Как тому и положено быть в случае завершения традиции, в поэтике Бродского трагикомические, кичевые черты проявлялись сильней, чем у предшественников. Да еще и постбродская истерия бессодержательных воспоминаний, интервью сомнительных друзей, подробно записанные беседы ни о чем, вообще натужная мифологизация фигуры нобелевского лауреата сделали свое дело. Но фундамент заложил сам поэт: оправдание этого культа обнаруживается в его текстах. В конце концов, позволяя себе фразы вроде "в Рождество все немного волхвы", Бродский санкционировал практически неограниченную степень интерпретаторской пошлости.
Уникальная интонация Бродского — сразу и брюзгливо-талмудическая, и весьма мужественная — пожалуй, отражает пропорцию притяжения и отталкивания, обаяния и глухого раздражения, которые вызывает фигура этого поэта у непредвзятого читателя. Просодические достижения Бродского очень сильно подхвачены — "под Бродского" все еще пишется громадное количество стихов. Но это выходит гораздо скучней: никто больше не отваживается на столь пафосное, героическое отношения к поэзии. К тому же Бродский осуществил последнюю попытку освоить, а лучше сказать — выдумать для себя мировую культуру, о тоске по которой писал Мандельштам.

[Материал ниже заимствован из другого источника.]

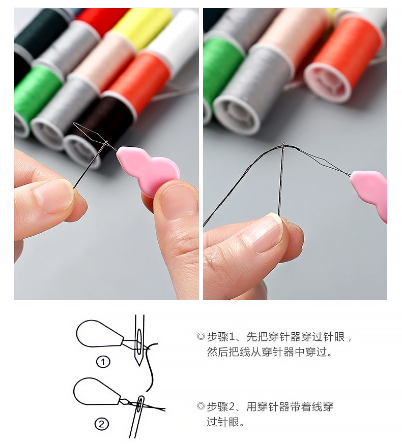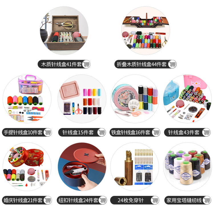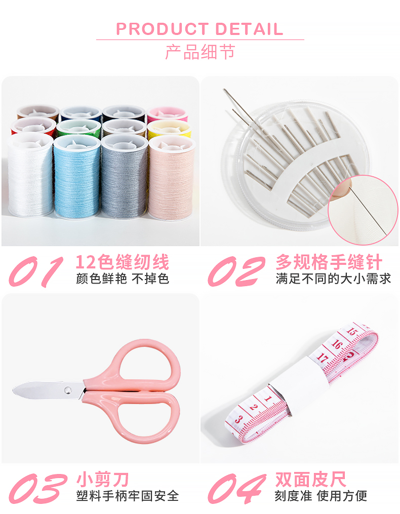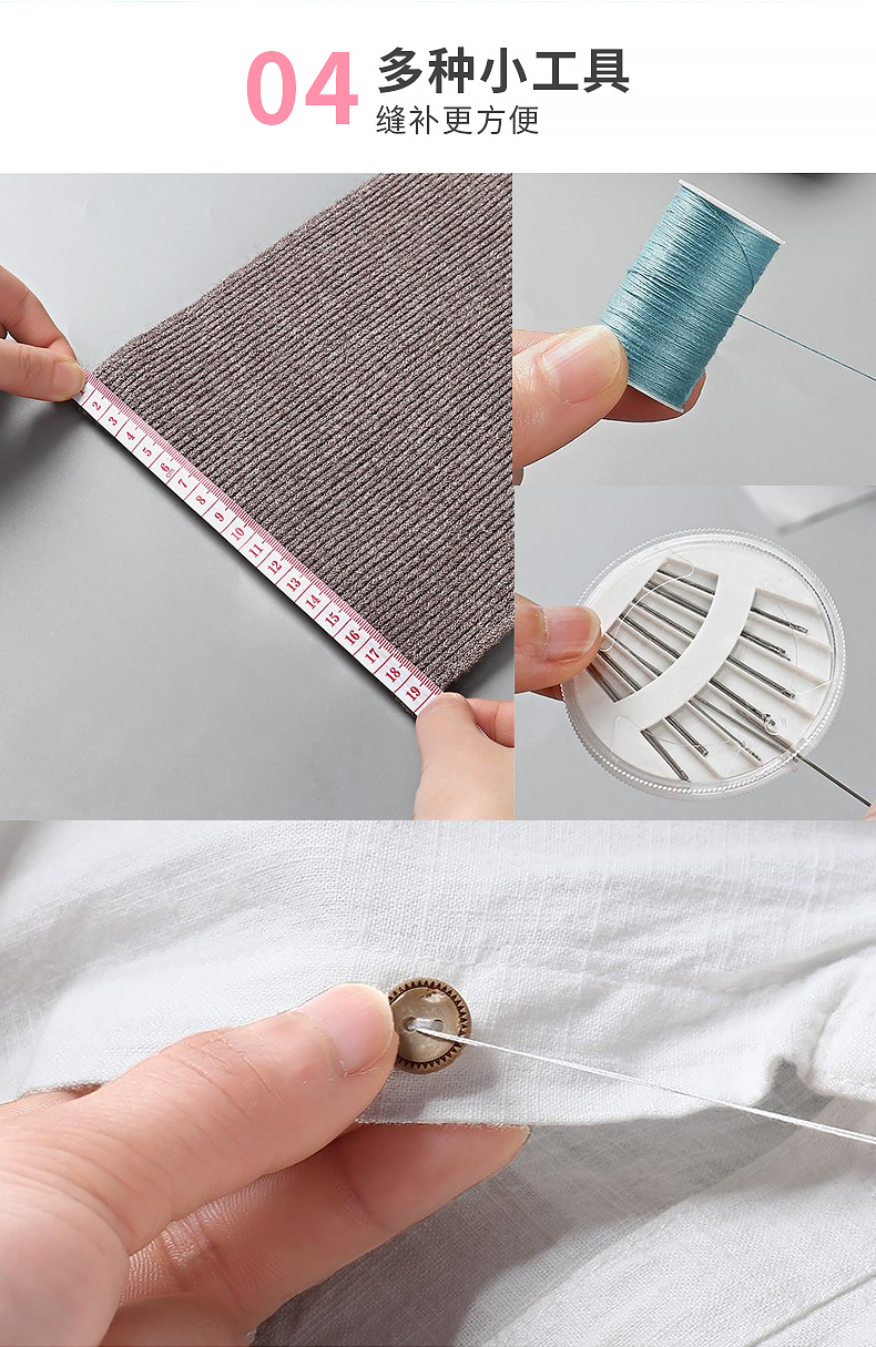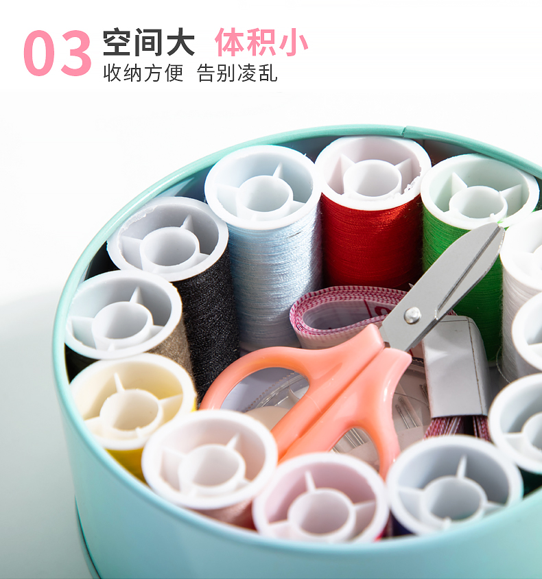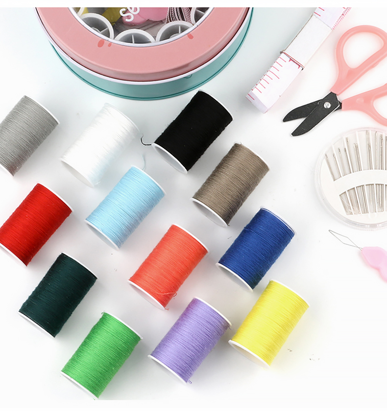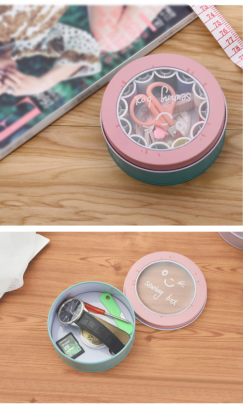 班哲尼 针线盒套装 旅游用品多用途旅行便携缝纫缝补工具套装收纳包圆形开窗缤纷铁盒针线盒 粉色16件套

Его опыт в этой области соединил замах Серебряного века с чисто шестидесятническими "фарцовочными" уловками: на знаменитой фотографии, сделанной в ссылке, автор трагических стихов стоит у забора, на который аккуратно выставлена пачка сигарет "Честерфильд". В известной мере и Рим, и христианство, и вся мировая культура оказались в стихах Бродского такой вот пачечкой "честера". Но только он искал не способа импортировать все это в современную русскую речь. Наоборот — это были своего рода знаки конвертируемости его поэтического сознания в мировой культурный код.
Обратный ход невозможен: для всей русскоязычной публики, за исключением горстки фанатов-бродскианцев, рассуждения "американского" Бродского об Одене, Хини или Уолкоте обречены остаться пустым звуком. Чтение Бродского подряд сейчас, когда аура литературной суперзвезды померкла, разочарует: из десяти стихов девять — мимо адресата, не для нас, не про нас. Но ради условного десятого все и затевалось: в нем обнаруживаются такие сила и ясность, которых, кроме как у Бродского, ни в его поколении, ни в его литературной традиции не было ни у кого.